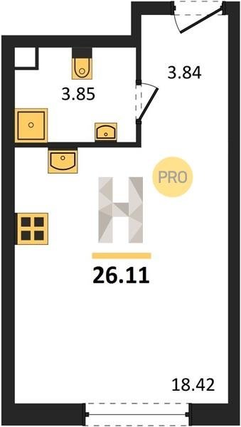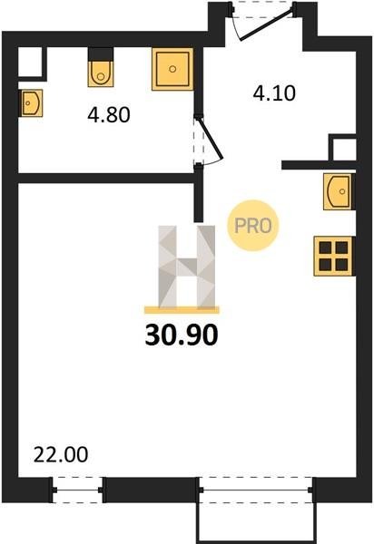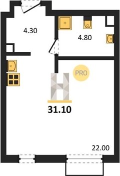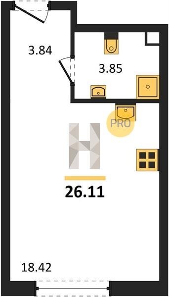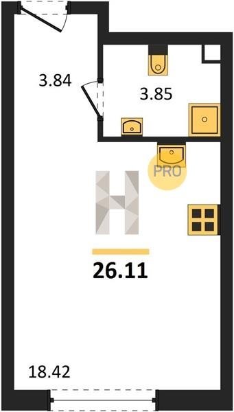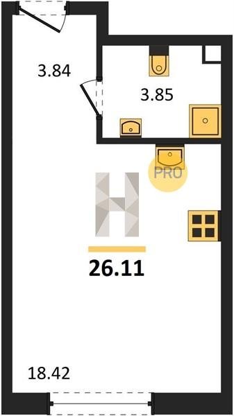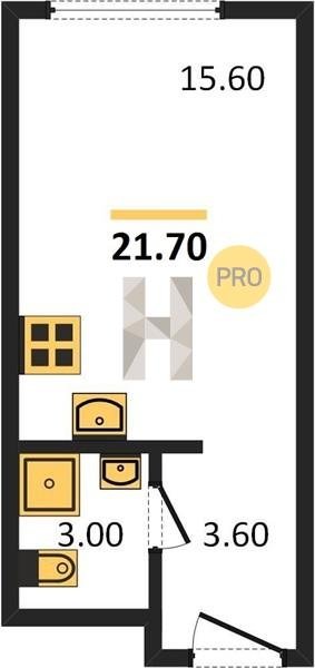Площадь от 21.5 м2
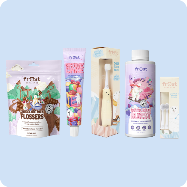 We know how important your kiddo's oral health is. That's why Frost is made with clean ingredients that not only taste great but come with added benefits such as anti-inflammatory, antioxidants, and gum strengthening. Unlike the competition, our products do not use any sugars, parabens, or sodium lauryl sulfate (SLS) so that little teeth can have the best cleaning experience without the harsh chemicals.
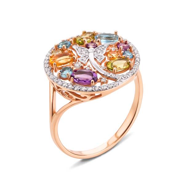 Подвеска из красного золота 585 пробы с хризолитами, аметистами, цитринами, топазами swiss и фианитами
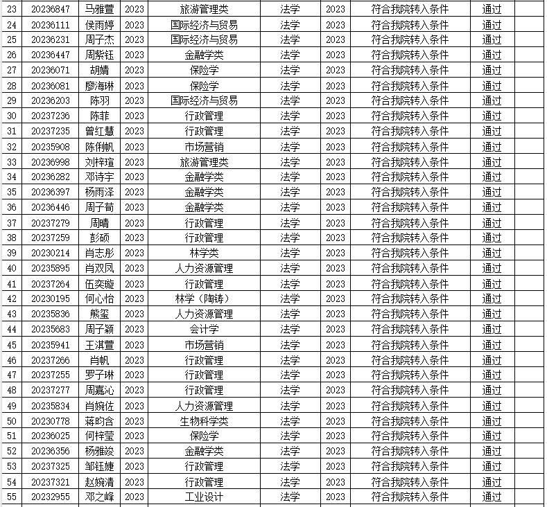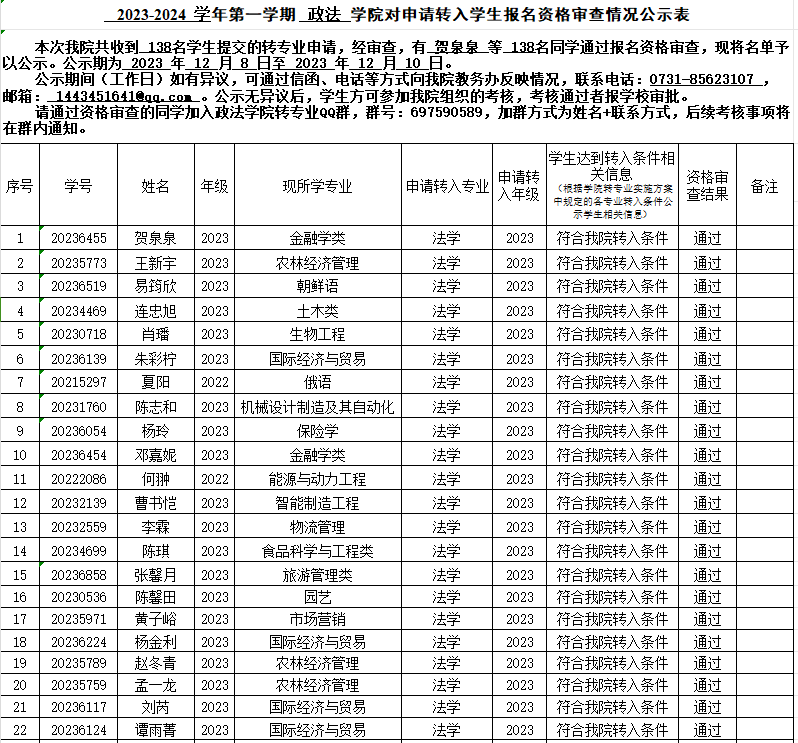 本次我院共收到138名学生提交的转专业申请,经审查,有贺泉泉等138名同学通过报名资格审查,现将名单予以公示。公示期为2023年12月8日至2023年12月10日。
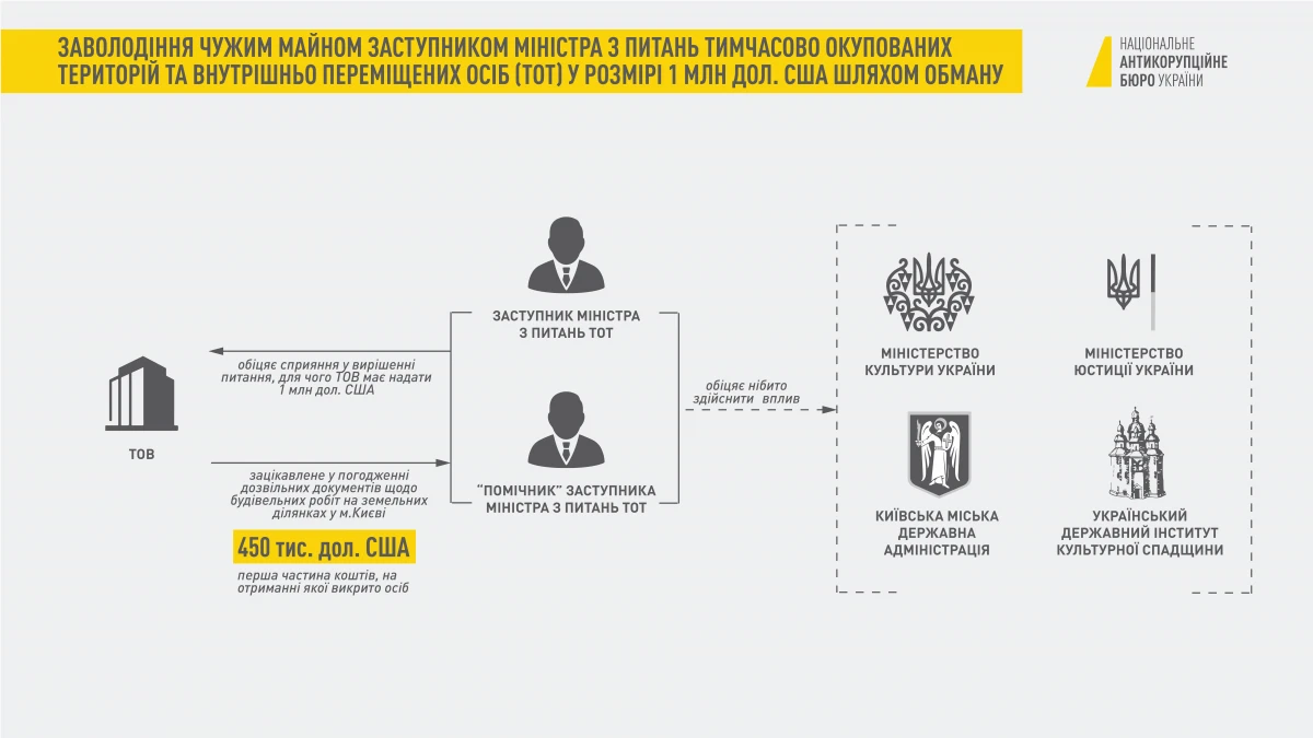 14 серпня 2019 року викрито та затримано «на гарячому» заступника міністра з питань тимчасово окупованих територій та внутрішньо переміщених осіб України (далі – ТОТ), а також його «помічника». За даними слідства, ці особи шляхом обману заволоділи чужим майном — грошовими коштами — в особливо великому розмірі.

## Problem details
Go through the material above and repeat it exactly. Omit the pictures.

## Written response
Площадь от 21.5 м2
 We know how important your kiddo's oral health is. That's why Frost is made with clean ingredients that not only taste great but come with added benefits such as anti-inflammatory, antioxidants, and gum strengthening. Unlike the competition, our products do not use any sugars, parabens, or sodium lauryl sulfate (SLS) so that little teeth can have the best cleaning experience without the harsh chemicals.
 Подвеска из красного золота 585 пробы с хризолитами, аметистами, цитринами, топазами swiss и фианитами
 本次我院共收到138名学生提交的转专业申请,经审查,有贺泉泉等138名同学通过报名资格审查,现将名单予以公示。公示期为2023年12月8日至2023年12月10日。
 14 серпня 2019 року викрито та затримано «на гарячому» заступника міністра з питань тимчасово окупованих територій та внутрішньо переміщених осіб України (далі – ТОТ), а також його «помічника». За даними слідства, ці особи шляхом обману заволоділи чужим майном — грошовими коштами — в особливо великому розмірі.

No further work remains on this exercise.